In a televised debate, Senator John F Kennedy, a Democrat presidential candidate, dismissed Quemoy-Matsu as two little pieces of unimportant real estate, while the Republican Richard Nixon rebutted that these offshore islands were in the “area of freedom”, and should not be surrendered to the communists as a matter of “principle”.
It was the same Nixon 12 years later who ushered in normalisation of relations between the United States and the PRC and de-recognised Taipei as the sole legitimate government of China.
This infatuation with the Republicans was then adopted by the mainland. Republicans are regarded as good friends of Beijing. Mao Zedong thought the brouhaha over Watergate was a terrible mistake and Nixon a victim.
Even a recluse Buddhist monk in the mountains inquired about the ex-president’s wellbeing, as a young American martial arts aficionado Mark Salzman wrote in his book Iron and Silk (1986). The abiding loyalty to the successive Republican presidential candidate continues.
With Mitt Romney running against Barack Obama, the mainland Chinese have a soft spot for Romney, despite his vowing to brand China as currency manipulator on his first day in office, if elected president.

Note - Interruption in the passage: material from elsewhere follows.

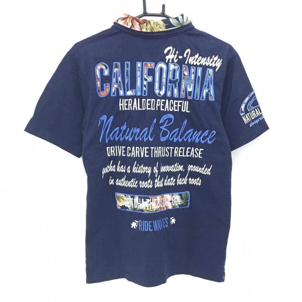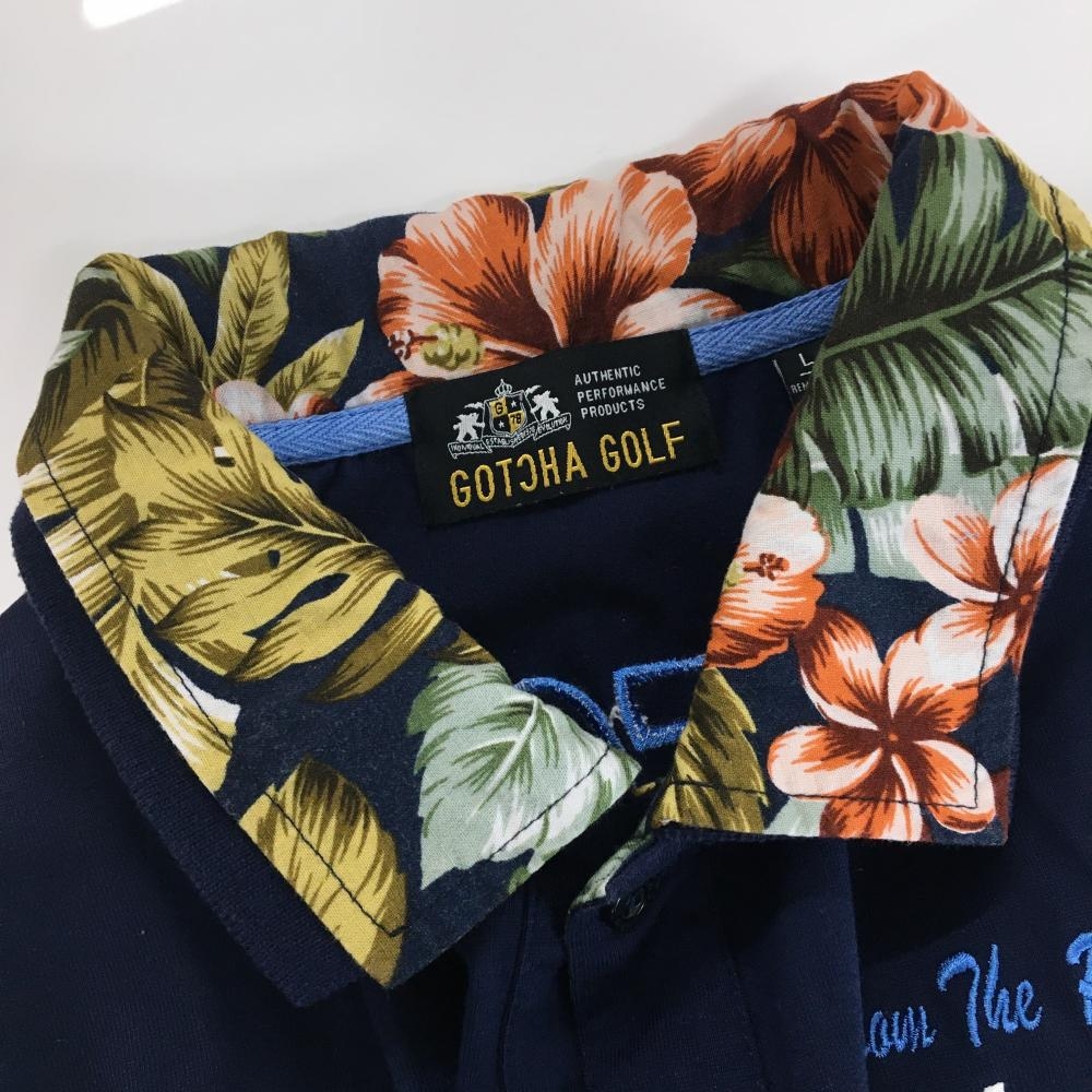 【美品】ガッチャゴルフ 半袖ポロシャツ ネイビー×ブルー 襟・背面一部花柄 バック・襟裏ロゴ メンズ L ゴルフウェア GOTCHA GOLF
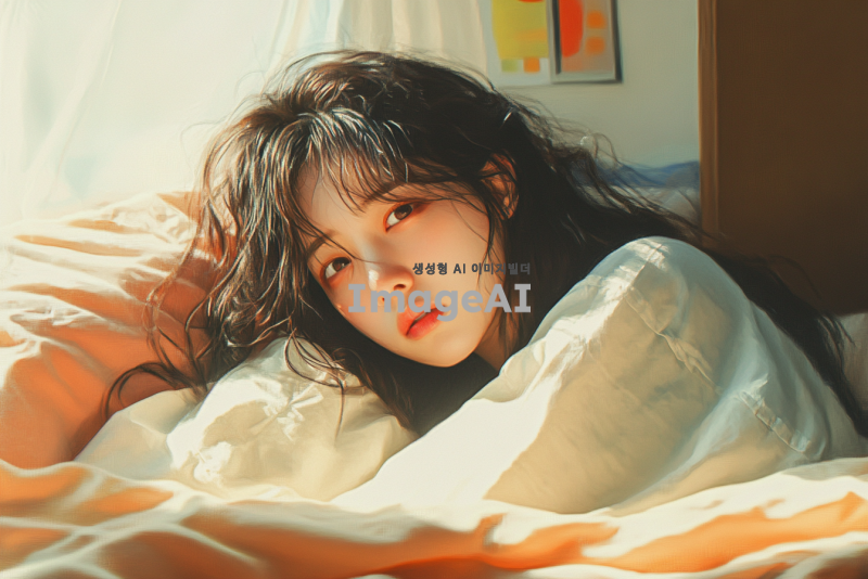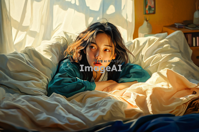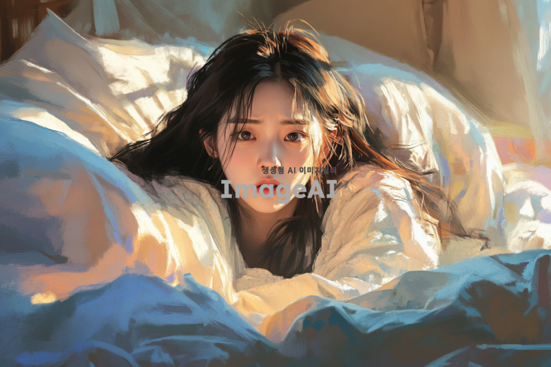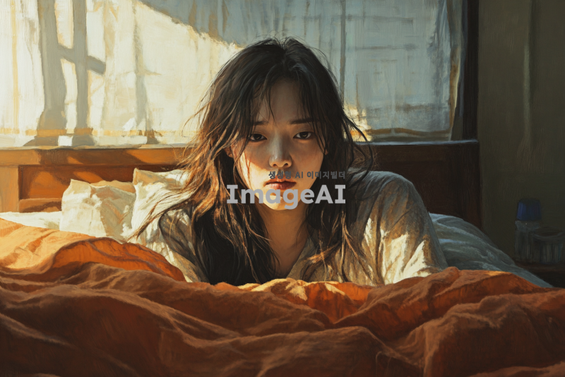 침대에서 일어난 한국인 여성, 퀭한 얼굴과 피곤한 눈빛, 머리는 헝클어져 있고, 침대 이불은 어지럽혀져 있음, 아침 햇살이 방 안으로 비추고 있는 모습, 주변은 따뜻하고 아늑한 분위기, 감정이 담긴 표정, 현실적이고 생동감 있는 스타일.

Pragmatically, the Chinese have deduced that US presidents move away from their tough campaign stance once in office, and Romney will be no exception. They believe that the American business community, which is dominated by Republicans, wants to take advantage of the profitable trade and investment opportunities that China offers.
In contrast, the Democrats tend to focus on human rights and labour issues. The Obama administration’s high-profile Asia policy is seen as an attempt to contain China; thus, a change in the White House is viewed positively.
This simplistic logic is amazingly widespread. In fact, the American business community has become increasingly dissatisfied with many Chinese practices and their visceral feeling is something to behold.
At a press conference in Beijing, Special Envoy John Bolton, who now advises Romney on foreign policy, hissed “stealing” and “theft” when the issue of intellectual property rights infringement was brought up. The distain and vehemence with which he uttered those words was unnerving.
If the harsh words and draconian recommendations in a recent report by the House Intelligence Committee on two Chinese telecoms firms are any indication, the Chinese should brace themselves for a tough time ahead whoever wins the race.